ポスター8群 疾病とともに暮らすことへの支援②

Tue. Nov 8, 2022 2:00 PM - 3:00 PM ポスター会場 (国際展示場)

座長:千田 睦美

[ポスターM-8-3] 心不全患者の退院後の実態調査

-退院後電話連絡を実施して-

鳥飼 宏美1, 舩崎 このみ1, 小楠 文佳1, 緒方 仁1, 山口 奈巳子1, 竹内 睦美 1, 荒木 望1, 石垣 恭子2 (1.佐世保中央病院, 2.兵庫県立大学大学院応用情報科学研究科)

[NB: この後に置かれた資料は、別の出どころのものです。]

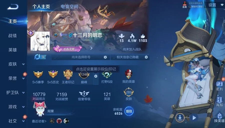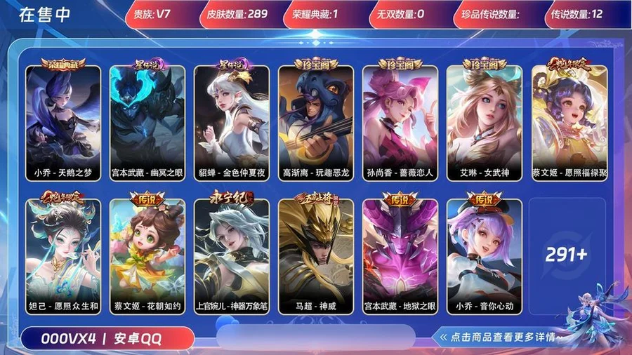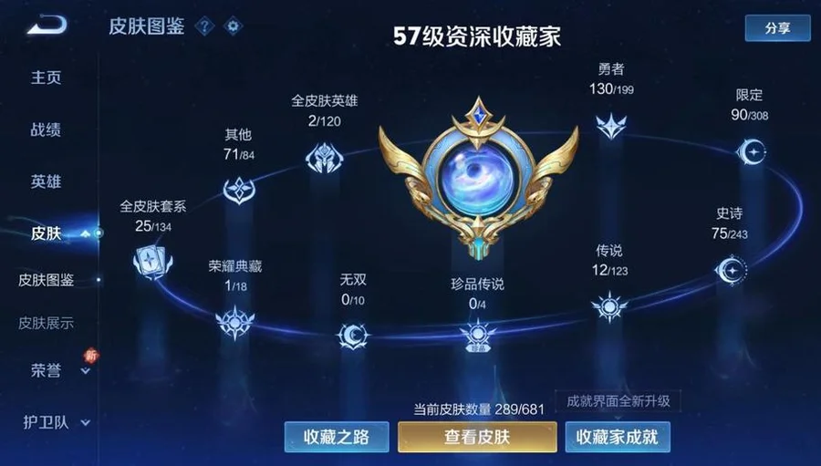 貴族等級:V7 造型價值:204164 榮耀典藏:1 無雙造型:0 傳說造型:12 史詩造型:74 英雄數量:120 造型數量:289 遊戲區服:安卓QQ307區

Keywords:心不全、高齢化、電話連絡、自己管理、退院後訪問

【抄録】
【目的】退院後電話連絡を実施し、生活状況と再入院との関連について明らかにすることで、患者のセルフモニタリングの状況を把握し退院指導と継続した退院後の支援ができる。倫理的配慮:A病院の倫理委員会の承認を得て情報管理に注意し研究を行った。【方法】2020 年4 月から2021 年3 月までの心不全で入院した患者の看護記録を生活状況に関する項目や症状などの項目別に振り分け、基本情報・内服・自覚症状・他者の介入の有無に関するデーターのχ2検定をおこなった。【結果】心不全患者の研究対象期間内入院数は280 名、初回A 病院受診を目途に看護師より患者へ電話連絡が実施でき、記録記載がある患者55 名を抽出した。平均年齢は81.0 歳、再入院が16%であった。電話項目の自覚症状と再入院で検定を実施し、関連が認められた。体重測定と浮腫の有無で関連があるか検定をしたところ、有意差を認め関連が認められた。年齢を75 歳以下と75 歳以上で検定を実施し同様の結果が得られ、浮腫は全ての年齢において自覚症状としてとらえることが出来ているという結果となった。体重測定を実施している患者で浮腫が認められている人はいなかった。呼吸困難と再入院においては関連性が高い結果となった。【考察】A 病棟の心不全患者の平均年齢は81 歳であり、全国高齢化率28.1%と比較するとB 市の高齢化率が31.7%と高く、セルフモニタリング持続が困難な環境が背景にあると考えた。自覚症状が電話連絡の時点で確認されていれば、再入院につながる可能性が高い。体重測定と浮腫では、体重測定を実施し、セルフモニタリングができている患者には浮腫は出現しておらず、体重管理が出来ていると考えられた。呼吸困難は再入院と関連があることが認められ、心不全の急性増悪である呼吸困難を電話連絡時に確認できれば、重篤な状況を回避し、受診の促しができたのではと考えた。現在電話連絡での退院支援を中心とし、退院後2 週間を目途に1 回のみの電話連絡を実施している。また、患者の状況に応じて看護師による退院後訪問も実施している。継続した看護を行うため外来との情報共有を行い、引き続き退院後の電話連絡・退院後訪問による退院支援を行う必要があると考える。今後は電話連絡・退院後訪問を実施後の患者の心不全セルフケアの変化についても調査し多職種で介入できるよう、システム構築を行っていきたいと考える。